Assignment → From the line with "Leaf spring shackle" to the line with "导入功能:过去涂抹上护肤品,感觉半天也不", retype every line exactly, including those two, and leave out the rest of the data below.

Extracted records →
────────────────────────────────────────

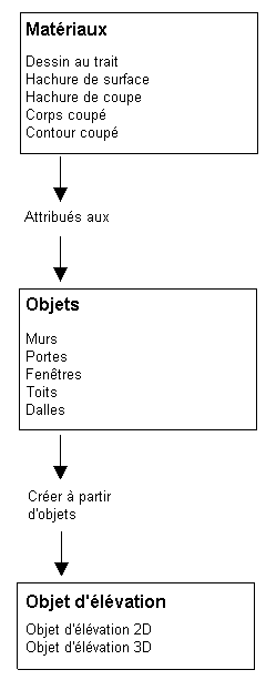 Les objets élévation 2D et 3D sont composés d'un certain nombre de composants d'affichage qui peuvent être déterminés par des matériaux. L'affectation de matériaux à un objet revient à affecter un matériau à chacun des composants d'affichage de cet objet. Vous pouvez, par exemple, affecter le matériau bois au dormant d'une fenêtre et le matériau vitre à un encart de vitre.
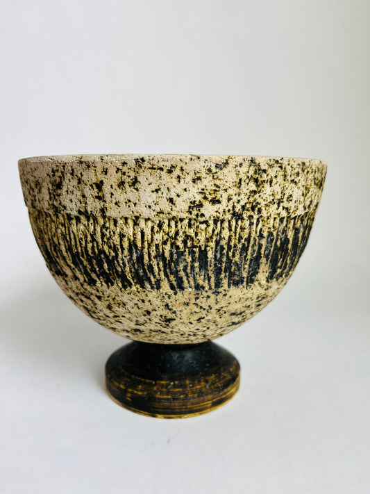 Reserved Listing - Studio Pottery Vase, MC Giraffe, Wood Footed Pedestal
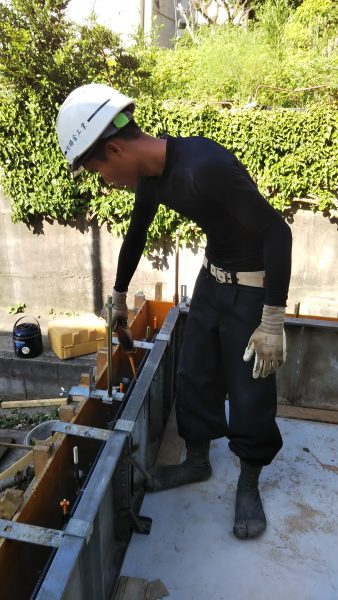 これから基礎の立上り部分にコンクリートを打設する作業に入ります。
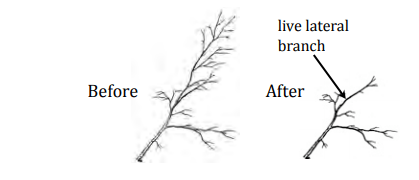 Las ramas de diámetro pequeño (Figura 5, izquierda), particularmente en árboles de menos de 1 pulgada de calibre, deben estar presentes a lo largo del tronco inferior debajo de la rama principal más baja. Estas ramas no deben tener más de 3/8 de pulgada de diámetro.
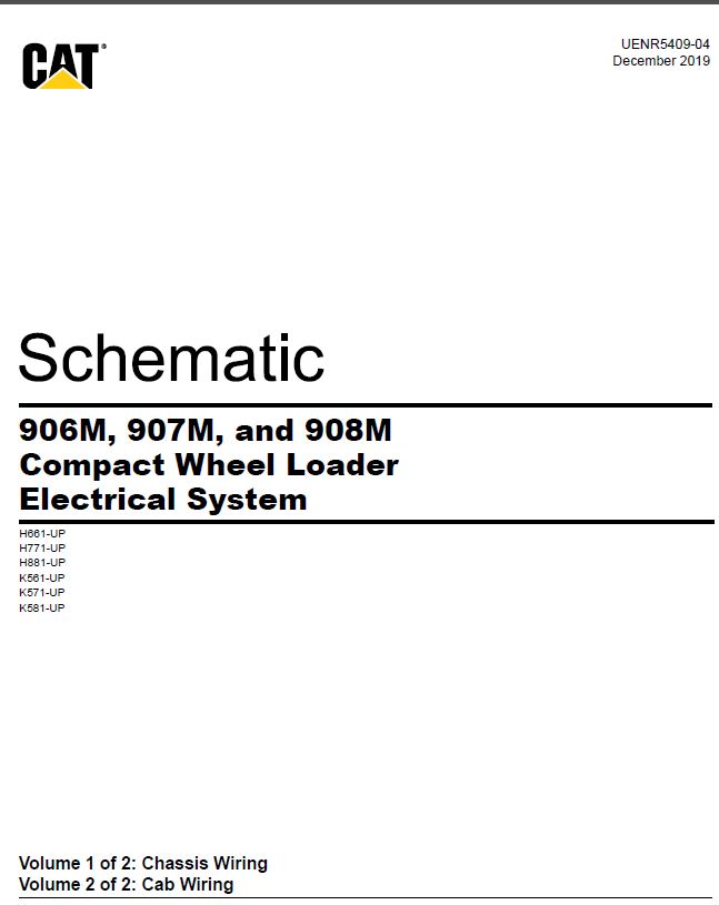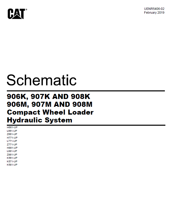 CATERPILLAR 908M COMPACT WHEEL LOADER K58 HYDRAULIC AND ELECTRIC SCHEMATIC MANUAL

────────────────────────────────────────

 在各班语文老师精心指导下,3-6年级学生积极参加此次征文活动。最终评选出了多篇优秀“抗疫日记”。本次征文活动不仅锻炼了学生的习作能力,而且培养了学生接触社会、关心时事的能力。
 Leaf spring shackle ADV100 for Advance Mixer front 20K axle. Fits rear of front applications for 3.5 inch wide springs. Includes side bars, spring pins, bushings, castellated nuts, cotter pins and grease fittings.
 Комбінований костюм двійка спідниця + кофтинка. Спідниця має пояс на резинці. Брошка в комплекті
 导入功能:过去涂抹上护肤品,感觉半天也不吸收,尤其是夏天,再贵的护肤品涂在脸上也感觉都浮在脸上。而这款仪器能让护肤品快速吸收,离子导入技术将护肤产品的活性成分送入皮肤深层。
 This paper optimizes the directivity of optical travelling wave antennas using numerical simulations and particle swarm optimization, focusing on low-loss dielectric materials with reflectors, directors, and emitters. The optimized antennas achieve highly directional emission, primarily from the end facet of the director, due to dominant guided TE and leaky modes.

────────────────────────────────────────

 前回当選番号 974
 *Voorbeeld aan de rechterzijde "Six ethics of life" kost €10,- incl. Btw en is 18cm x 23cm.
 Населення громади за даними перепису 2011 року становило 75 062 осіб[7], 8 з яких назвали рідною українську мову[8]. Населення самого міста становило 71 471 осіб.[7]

────────────────────────────────────────

Output →
 Leaf spring shackle ADV100 for Advance Mixer front 20K axle. Fits rear of front applications for 3.5 inch wide springs. Includes side bars, spring pins, bushings, castellated nuts, cotter pins and grease fittings.
 Комбінований костюм двійка спідниця + кофтинка. Спідниця має пояс на резинці. Брошка в комплекті
 导入功能:过去涂抹上护肤品,感觉半天也不吸收,尤其是夏天,再贵的护肤品涂在脸上也感觉都浮在脸上。而这款仪器能让护肤品快速吸收,离子导入技术将护肤产品的活性成分送入皮肤深层。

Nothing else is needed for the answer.